Constance smoothed her dress again. “Did he have any enemies?”

“None that we know of. Everybody imaginable was interviewed: the chemists he worked with, relatives, his roommate at UF’s grad school, elementary school friends. He led a very dull, law-abiding, quiet life.”

Constance nodded. “It would appear, from the photographs, that the killer dragged the body to the door.”

“Right. That was really confounding. The blood smear led straight to the door and over the threshold, where it abruptly ended. We hypothesized the killer loaded the body directly into a vehicle on that spot. But damned if we could find any good tracks or witnesses who saw a car.”

“I see.”

Constance gazed at him with a strangely penetrating look. For a moment, Perelman felt a totally unreasonable wish that, in some capacity or other, Constance were a member of his team.

“I know, Chief Perelman, that unsolved murder cases are never closed—they just go cold. In your time here, you must have heard innumerable speculations about this one. Have you, personally, found any theory to be more persuasive than the others?”

He hesitated. “The more you think about it, the less sense it makes. I’ve seen my share of unsolved homicides. You do everything you can and then you simply have to lay it aside. Not very satisfying, I’m afraid, but that’s it.” He rose from the deck cushion. “I’m going to get a beer. Can I get you something? If not beer, I’ve got a bottle of Beaujolais nouveau chilling in the cabin.”

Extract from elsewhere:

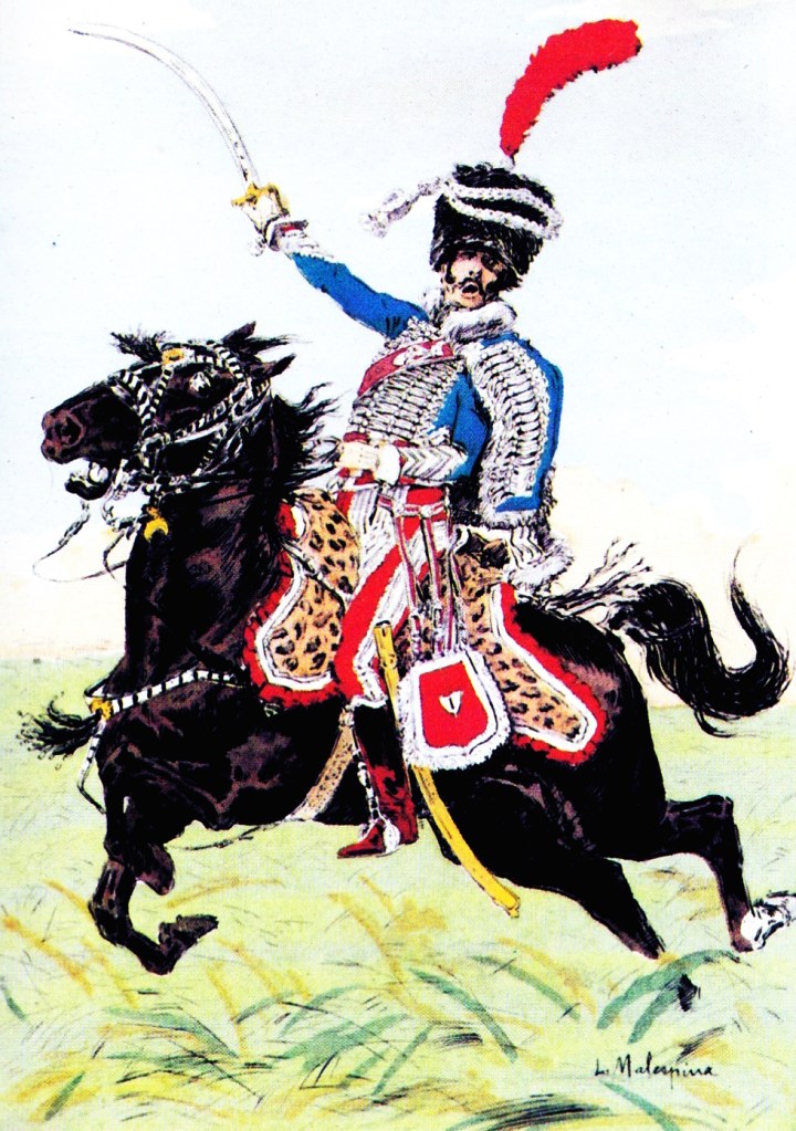 m – Par Louis-Ferdinand Malespina (1874-1940) — Eugène-Louis Bucquoy, « La Cavalerie légère », Jacques Grancher, coll. « Les uniformes du Premier Empire », 1980, 189 pages., Domaine public, https://commons.wikimedia.org/w/index.php?curid=38270925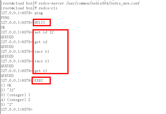 入队:将多个命令入队到事务中,接到这些命令并不会立即执行,而是放到等待执行的事务队列里面

“Thank you, no,” Constance said, rising as well. “You’ve been very patient. I appreciate your candor.”

“If you solve the murder,” he said with a wry smile, “let me know.” Belatedly, he realized she’d interpreted his getting up as a cue that the meeting was over. This was a shame—he’d had enough of the subject matter, but not her company.

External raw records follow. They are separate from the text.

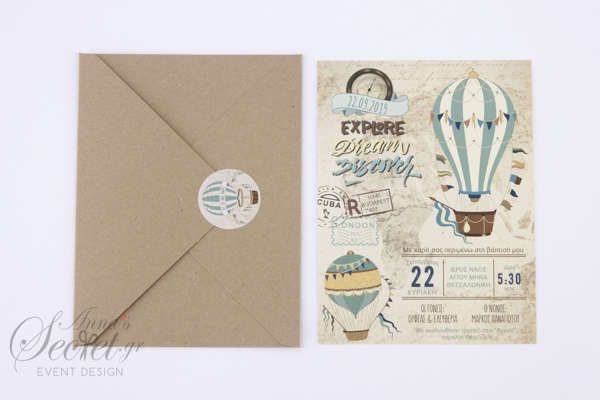 Προσκλητήριο βάπτισης για αγόρι με θέμα το travel boy, το αερόστατο και το ταξίδι με vintage στοιχεία.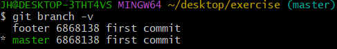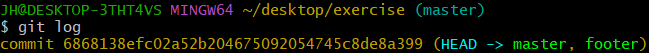 커밋 로그에서 볼 때 footer 브랜치는 커밋ID와 동일한 해시값을 가리키고 있는 것을 확인 할 수 있다.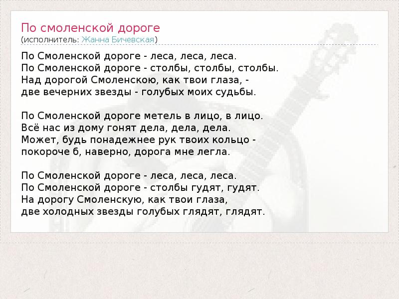 По Смоленской дороге - леса, леса, леса. По Смоленской дороге - столбы, столбы, столбы. Над дорогой Смоленскою, как твои глаза, - две вечерних звезды - голубых моих судьбы. По Смоленской дороге метель в лицо, в лицо. Всё нас из дому гонят дела, дела, дела. Может, будь понадежнее рук твоих кольцо - покороче б, наверно, дорога мне легла. По Смоленской дороге - леса, леса, леса. По Смоленской дороге - столбы гудят, гудят. На дорогу Смоленскую, как твои глаза, две холодных звезды голубых глядят, глядят.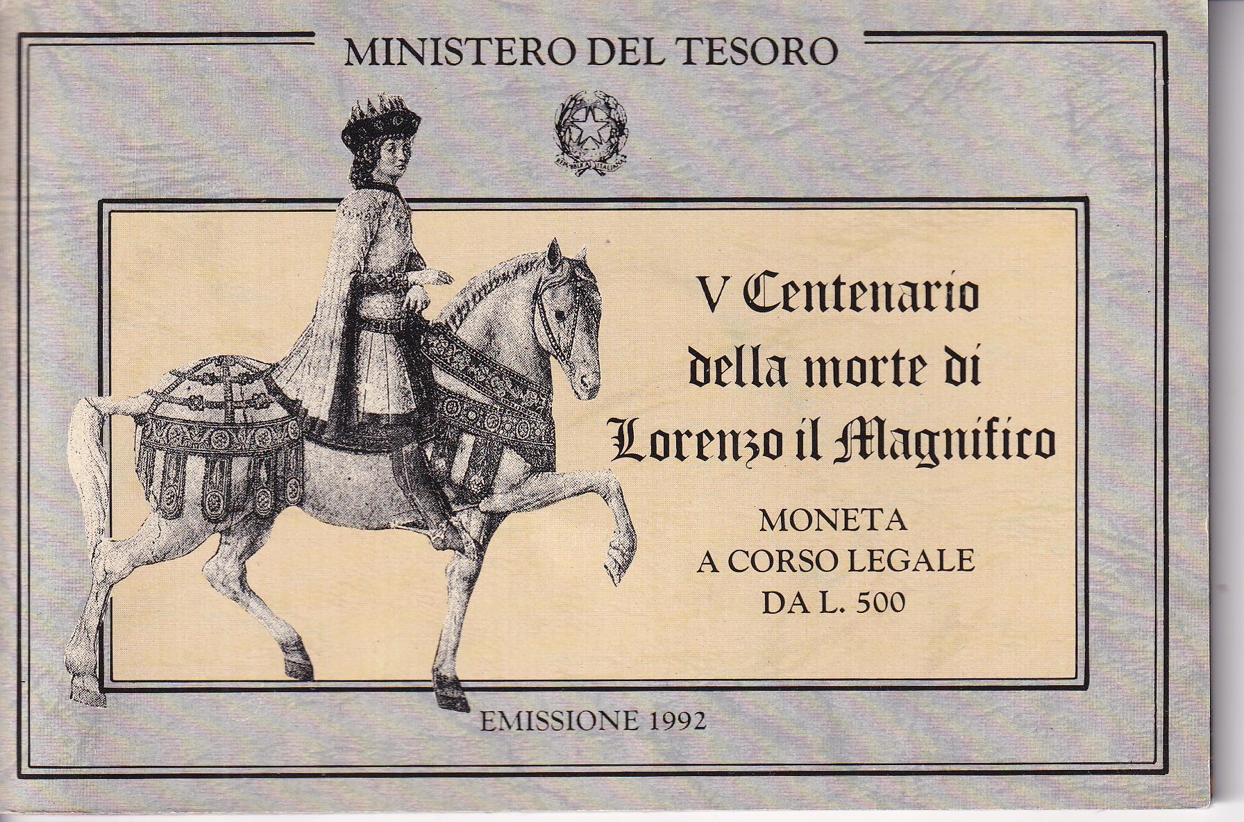 Moneta da Lire 500 in argento commemorativa del V Centenario della morte di Lorenzo Il Magnifico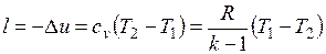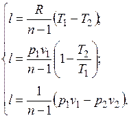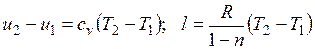Работа расширения при адиабатном процессе согласно первому закону термодинамики совершается за счет уменьшения внутренней энергии и может быть вычислена по одной из следующих формул: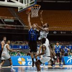Agapy pega rebote ofensivo.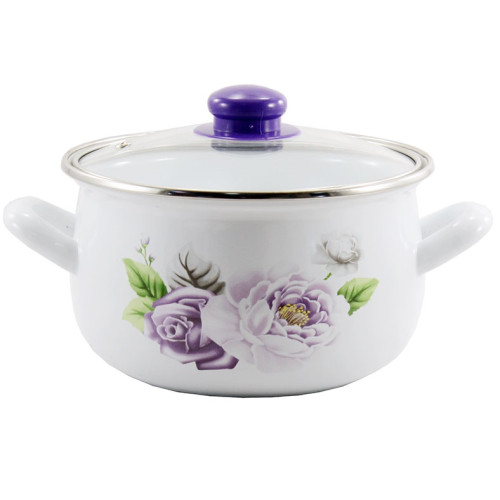 каструля емальована глибока зі скляною кришкою Троянда фіолетова 4,0л. d-20см. 2 LA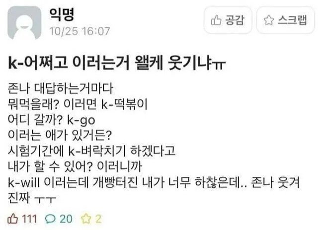 자꾸 말할 때 마다 K 어쩌고 붙이는 친구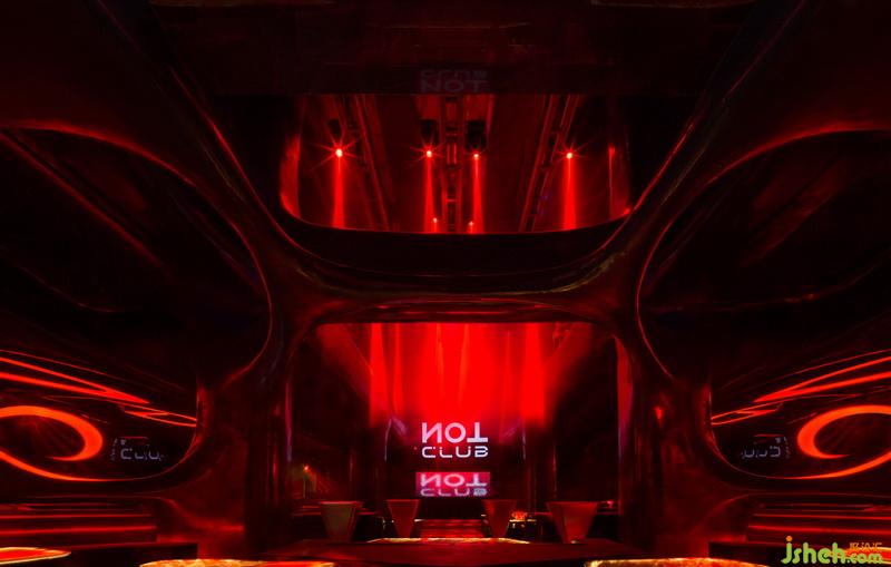 NOT CLUB主厅内的Party区,设计师提取未来感、撕裂作为元素,用连贯的设计手法对原来建筑进行重新“解构”;保留并利用了建筑体块关系和现有楼层结构,经过对原有楼板的选择性拆除,打造出一个全新的具有视觉张力的充满未来感的星舰空间,使人在空间内感受不再压抑。

“Naturally.” Constance placed the crime scene photos in her bag and slipped it over her shoulder. “One final question, if I may?”

“Please.”

“I don’t want to call your work into question. But are you sure it was Wilkinson’s blood?”

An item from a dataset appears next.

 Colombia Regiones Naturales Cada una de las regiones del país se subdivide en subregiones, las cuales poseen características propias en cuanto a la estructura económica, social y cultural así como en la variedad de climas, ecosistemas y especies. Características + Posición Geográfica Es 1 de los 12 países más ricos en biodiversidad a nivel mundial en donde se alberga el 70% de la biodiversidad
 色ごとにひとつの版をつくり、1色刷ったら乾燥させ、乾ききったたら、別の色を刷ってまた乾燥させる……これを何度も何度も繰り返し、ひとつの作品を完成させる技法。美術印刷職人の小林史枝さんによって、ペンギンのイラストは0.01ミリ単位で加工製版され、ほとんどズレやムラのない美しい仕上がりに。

“It’s true that, at the time of the murder, Sanibel and even Fort Myers didn’t have the kind of facilities they do today. However, I personally took DNA samples from half a dozen separate pieces of evidence preserved from the crime scene, including hair and blood, and carried them to the Miami PD forensics lab, which at the time had state-of-the-art equipment, together with several known DNA samples from Randall Wilkinson collected in the house. Everything matched the DNA of Randall Wilkinson. That was his blood, without a doubt. And then…” He hesitated. “Last year, I had another lab rerun those samples, just in case the technology in 2009 wasn’t up to snuff. Same results.”